Did you know that women who drink more than two diet sodas a day may experience kidney decline at twice the rate of women who don’t? Me neither. At least, not until I happened across that information on the internet last week and decided that I was finally going to kick my Coke Zero addiction. I mean it this time.
Being a perpetual diet soda guzzler comes with a whole basket-load of irritants. First of all, it’s considered an adolescent beverage and weak as far as bad habits go. At the risk of sounding very much like a junior high kiss-ass, people tend to be judgmental about soda-drinkers without registering any of the “cool” points that may come with being a smoker or the “tortured artist” cred that comes with being a heavy drinker.
Both those vices attract their own brand of Dudley Do-Right pontificators, but there’s something about seeing some poor schlub clutching a sweaty can of Coke that acts as a siren call for smarmy health nuts. It’s like they thrive on telling as many people as possible that you should be drinking your weight in ounces of water and that so-and-so is steeping their own sun tea and loooooving it.
An aspect of caffeine that’s often debated is whether or not it’s an addictive substance. It is my untrained, non-medically licensed opinion that it is. Sure, it’s no meth and no one ever opined about what “a hell of a drug” it is, but giving up caffeine can still induce headaches and nausea. Every time I’ve tried going a few days without a can of Coke or a bottle of second-favorite Diet Dr. Pepper (the Harold to my Maude, the Shirley to my Laverne), I get these tense little knots of pain in my temples and, yes, I feel pissy and unfocused.
Probably the most irritating aspect about drinking Coke Zero, to my cheapskate self anyway, is how expensive it is. If you go through two twelve-packs a week, that can be the equivalent of smoking three packs of cheap cigarettes a week. Spending $50 or more a month on soda just seems foolish, in light of my budget anyway.
My Coke-drinking runs in cycles of binging and abstaining, so it’s hard to say what my average daily intake looks like. It can be as high as 5 or 6 cans, especially if I go out to dinner or lunch somewhere and wind up getting a side of Coke, hold the ice.

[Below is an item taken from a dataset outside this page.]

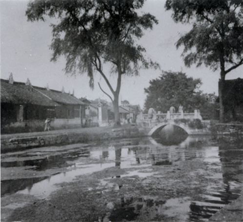 双桥(又名二桥),位居城西水关普济桥、奋武桥之间。桥为单拱,孔径较小,桥面近水,雕栏低矮,游人可倚可坐。桥下浮萍逐波,水草摇曳,鱼游石隙,虾戏浅水;桥头两株老槐,遮阴蔽日,鸣蝉声声。津津闲人坐等夜来,一桥而渡炎凉,天人合一,闲适散淡的小城浮生日常,浓缩成一幅双桥风月图。

I picked up the habit in college, where we had a Diet Pepsi (my least favorite diet beverage, but acceptable in a pinch) fountain in the cafeteria and I discovered the nervous rush of energy caffeine gives you, which actually decreases productivity, but is comforting nevertheless during late-night study sessions.

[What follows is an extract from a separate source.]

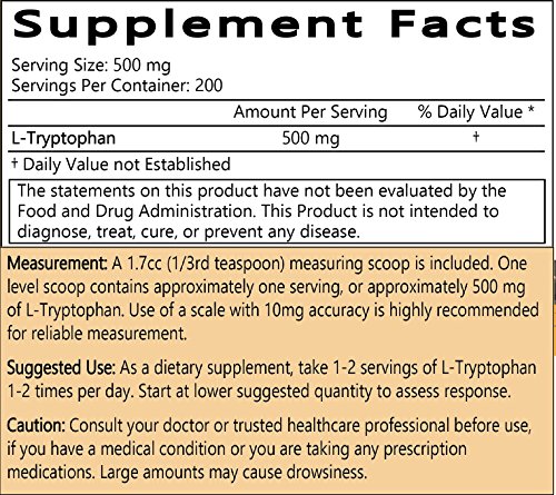 -. Feature : BOOSTS MOOD - L-Tryptophan Bulk Powder benefits include its wonderful ability to boost your mood through increasing serum serotonin levels / PROMOTES HEALTHY SLEEP AND RELAXATION - People use L-Tryptophan for sleep because of its ability to improve melatonin levels in your brain / GREAT HEALTH BENEFITS - Clinical studies have indicated that L-Tryptophan has numerous secondary health benefits and can be used safely for kids, dogs, and cats / 100% VEGAN AND VEGETARIAN FRIENDLY- This L-Tryptophan supplement contains no animal products whatsoever / NO ADDITIVES - Our 99+% Pure L-Tryptophan is free from additives, fillers, preservatives, lactose, and gluten. It is tested by independent 3rd party laboratories in the US and ships with a Certificate of Analysis to ensure the highest quality

After all of this rationalization and list-making and deploring of my own stupid habit, I’ve decided it’s time to give up soda for good. Is it the worst habit ever? Are artificial sweeteners significantly worse for one’s health than regular sugar? Jury’s out. But it’s something I could do without and abstaining from syrupy cans-o’-chemicals will probably improve my quality of life in the long run, so here goes.
I finished my last drink around approximately midnight EST yesterday. To bolster my spirits (and achey head muscles), I have coffee and chai tea, which I am allowing myself to drink in moderation. I’m not relying on self-control to prevent coffee and tea binging, but rather the fact that I only own a French press, I’m lazy, and I’m down to my last four ounces of chai.
So what the hey, right? Supposedly, withdrawal symptoms peak at 48 hours, so Wednesday morning may be rough, but I think I can do it, particularly since publicly declaring my intentions to an Internet audience binds me to an obligation. I’ll be checking back in next week to let you know how it’s going, especially whether or not the headaches were intense, I got really bored of drinking ice water, or I crumpled up and died when I couldn’t order a Coke Zero to complement my buffalo wings.
Until then, folks, I’m armed with horse-tranquilizer-sized Advil and a can-do attitude!